A “Compassionate Use treatment” or “Compassionate Use”, is a medical treatment with a medication administered to a patient who suffers from a life-threatening disease or a disease that cause a major disability, and the patient cannot be properly treated with a registered medication approved for marketing in Israel or any country or include the medical treatment in a clinical trial. Contrary to popular belief, “Compassionate Use” is intended for all cancer patients and not only for patients who have exhausted all treatments and have few days left. These are the most advanced treatments in the world and it is important to learn about them just as it is important to learn about any other treatment.
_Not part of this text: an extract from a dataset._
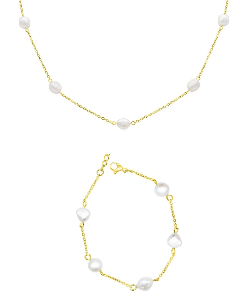 Adornia Freshwater Pearl Gold 2-Piece Necklace and Bracelet Set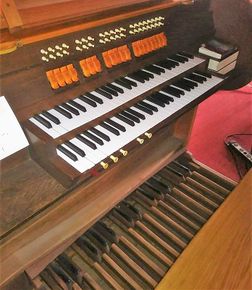 Spielhilfen, Koppeln: II/I, I/P, II/P, II/P (Super), 2 freie Kombinationen, Tutti, Zungen Ab

The drug will only be issued to those with a prescription approved by all the medical, professional and ethical committee appearing on the prescription after they have been convinced that the benefits of using the drug outweigh the risks involved.
Compassionate use is a treatment, which the pharmaceutical company who developed it consents to provide to a patient outside of a clinical trial and before it has been approved by health authorities. As long as the drug or treatment have not been approved by health authorities, these treatments are given free of charge.
Pharmaceutical companies are not bound by law to agree to any compassionate use application, however, when they do, their compassion may very well benefit the patient.
The reasons for the provision of compassionate use are shared by all those involved in the fight against cancer, patients, doctors and pharmaceutical companies – to improve the patient’s health and help them fight their cancer.
It is important to understand that pharmaceutical companies do not operate out of business considerations alone. True to their name, Compassionate Uses treatments are provided by the companies as an act of compassion.
As Compassionate Use treatments are for unapproved treatments, they are considered treatments which constitute medical experimentation on individuals. Such uses must be approved for use by the Helsinki Ethics Committee. The treating oncologist will submit the prescription to the committee along with other approvals from the drug committee, the trial institutes management board and the head of pharmaceutical services and the Ministry of Health. They will also provide the patient’s medical history, their written consent, relevant studies and literature and a follow-up and reporting plan. As far as the cancer patient is concerned, this means that the treatment offered by Compassionate Use has been meticulously tested by the relevant and appropriate professional entities and that when they begin Compassionate Use treatment, the process will be controlled and their progress will be closely monitored.